* [Extracted data entries]
━━━
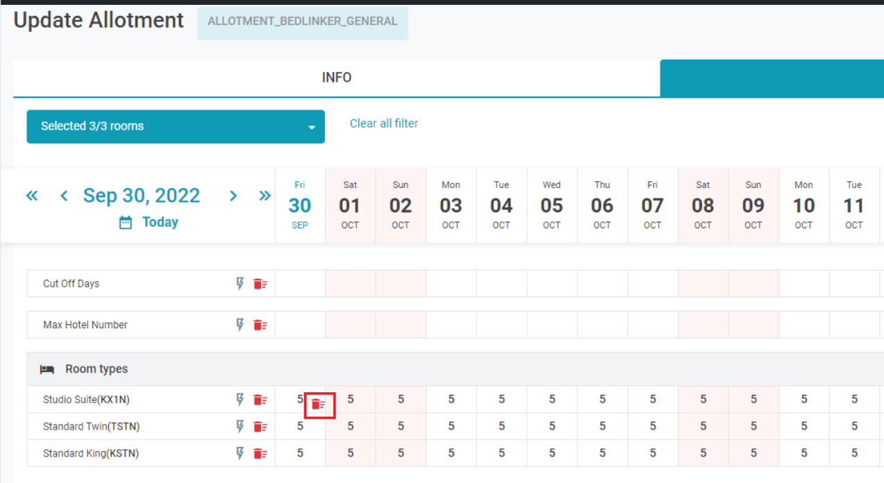 4. [Tab Details Config] - បង្កើតលម្អិតអំពីមូលនិធិបន្ទប់របស់បណ្តាញលក់បន្ទប់4.1. បង្កើត Cut Off Days អ្នកប្រើប្រាស់អាចកក់បន្ទប់បានតែនៅពេលដែល ថ្ងៃកក់បន្ទប់ < ថ្ងៃ check in – Cut Off Day នៃថ្ងៃនោះ ជ្រើសរើសរូបតំណាងបង្កើតរហ័សនៃ Cut Off Day ![]() ![]()
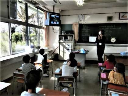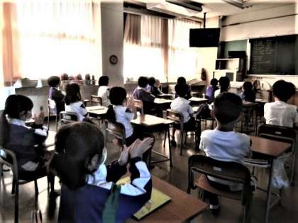 朝一番の学習。手洗いの画像を校内放送で全校に送り、実践してみました。
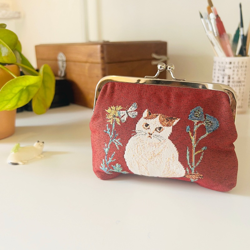 The cats drawn by Miyuki Matsuo have been woven into this pouch. The cats with their unique expressions are incredibly cute, and when combined with the plants, it creates an eye-catching design. It can be used for a variety of purposes, such as storing cosmetics and cards, or as a wallet. It is also a recommended item for small gifts.
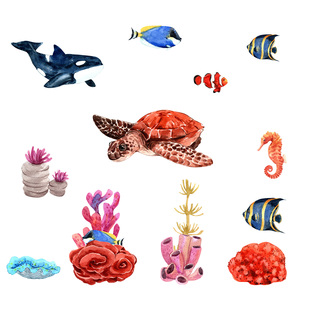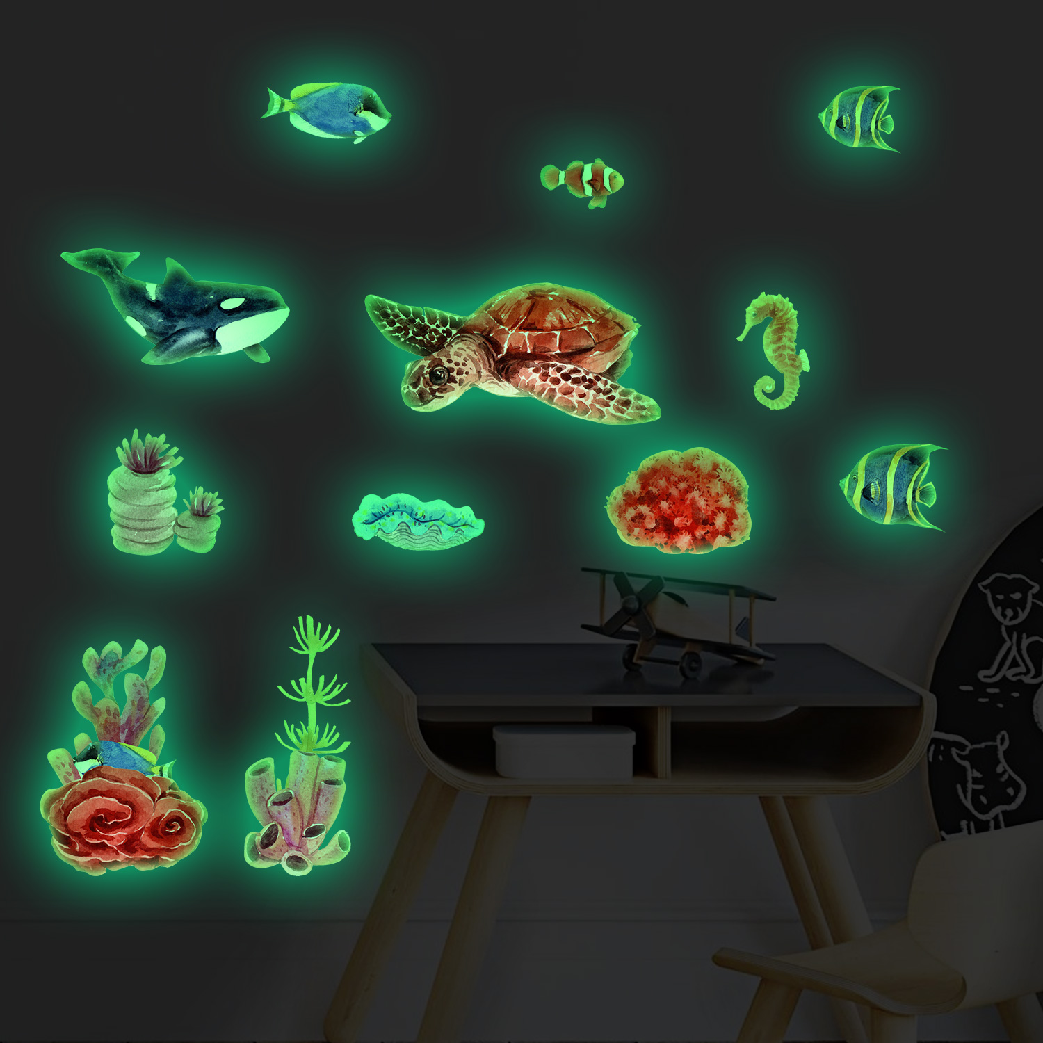 夜光贴纸水彩绿光海洋海豚小鱼章鱼儿童房夜光贴海洋生物夜光墙贴
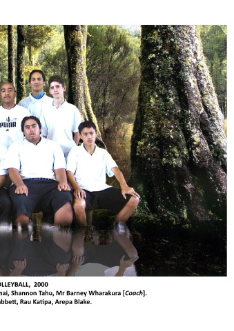 YEAR 11 BOYS VOLLEYBALL, 2000 Kawhena Moeke, Isaac Huirama, Basalay Tumai, Shannon Tahu, Mr Barney Wharakura [Coach]. Danny Tahu, Gregory Mabbett, Rau Katipa, Arepa Blake.
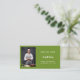 Ein grüner Hintergrund. Personalisieren Sie Foto, Titel, Firmenname/Name und Text und geben Sie diese ein. Kontaktinformationen auf der Vorderseite. Weißer Text. Zurück: Vorlagen für Ihren Namen, Titel, Telefonnummer, E-Mail- und Website-Adresse, Ihren eigenen QR-Code für Ihre Website oder Ihr Social-Media-Konto. Facebook und Instagram Icons/account.
━━━
From the entries above, copy exactly the lines starting at the one with "The cats drawn" and stopping at the one with "YEAR 11 BOYS", keeping both ends. Drop the pictures.

 The cats drawn by Miyuki Matsuo have been woven into this pouch. The cats with their unique expressions are incredibly cute, and when combined with the plants, it creates an eye-catching design. It can be used for a variety of purposes, such as storing cosmetics and cards, or as a wallet. It is also a recommended item for small gifts.
 夜光贴纸水彩绿光海洋海豚小鱼章鱼儿童房夜光贴海洋生物夜光墙贴
 YEAR 11 BOYS VOLLEYBALL, 2000 Kawhena Moeke, Isaac Huirama, Basalay Tumai, Shannon Tahu, Mr Barney Wharakura [Coach]. Danny Tahu, Gregory Mabbett, Rau Katipa, Arepa Blake.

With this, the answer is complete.